The mission was the subject of a book and film, The Monuments Men, starring George Clooney and Matt Damon.
Mr Leckie, of Troon, Ayrshire, said later: “I now wonder what my feelings would have been if I’d known then one of my passengers was a former Luftwaffe (German air force) paymaster who had defected to the French Resistance. He was a native to the area we were heading and had discovered from relatives the Nazi plan to conceal massive collections of art treasures in this area.”
Posted to RAF Bomber Command, Mr Leckie attacked a German flying-bomb factory on one raid.
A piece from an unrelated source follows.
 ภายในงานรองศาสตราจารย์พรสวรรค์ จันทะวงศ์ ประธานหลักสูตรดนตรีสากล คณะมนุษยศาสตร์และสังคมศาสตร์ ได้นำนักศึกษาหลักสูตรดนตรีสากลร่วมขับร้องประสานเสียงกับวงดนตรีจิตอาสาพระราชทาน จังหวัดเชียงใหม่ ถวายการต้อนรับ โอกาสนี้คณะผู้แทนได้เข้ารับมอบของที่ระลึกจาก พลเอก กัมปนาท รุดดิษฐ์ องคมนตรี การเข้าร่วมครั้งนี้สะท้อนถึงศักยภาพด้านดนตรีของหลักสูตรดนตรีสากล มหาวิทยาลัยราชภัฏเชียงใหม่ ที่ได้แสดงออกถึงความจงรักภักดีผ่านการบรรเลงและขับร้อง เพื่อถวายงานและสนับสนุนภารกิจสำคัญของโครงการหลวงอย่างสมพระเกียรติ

In another sortie, he dropped guns, ammunition and supplies to Polish troops fighting the Nazis in August 1944. For that mission, he was awarded the Polish Cross of Valour.
A native of Glasgow, Mr Leckie was a cinema projectionist before joining the RAF in 1941 and training as a pilot in England, Canada and the US.
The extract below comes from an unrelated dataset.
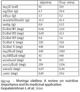 වියලි මුරුංගා කොළ පිටි ග්රෑම් 100 ක අඩංගු පෝෂණ ගුණය

After the war, he returned to his cinema job before joining the Hoover domestic appliance firm.
Mr Leckie was later involved in civilian pilot training at Scone, Perthshire, before joining Irish airline Aer Lingus as a pilot for 25 years until his retirement in 1979.
The father-of-three and greatgrandfather, whose wife Ina died in
2012, celebrated his 100th birthday in June and was honoured with a flypast by the Irish air force.
UK veterans and representatives from the Royal British Legion in Ireland attended Mr Leckie’s funeral service at St Patrick’s Church in Enniskerry.
Mr Leckie’s life will be celebrated with a service at Holmsford Bridge crematorium in Dreghorn, Ayrshire, tomorrow at 11.30am.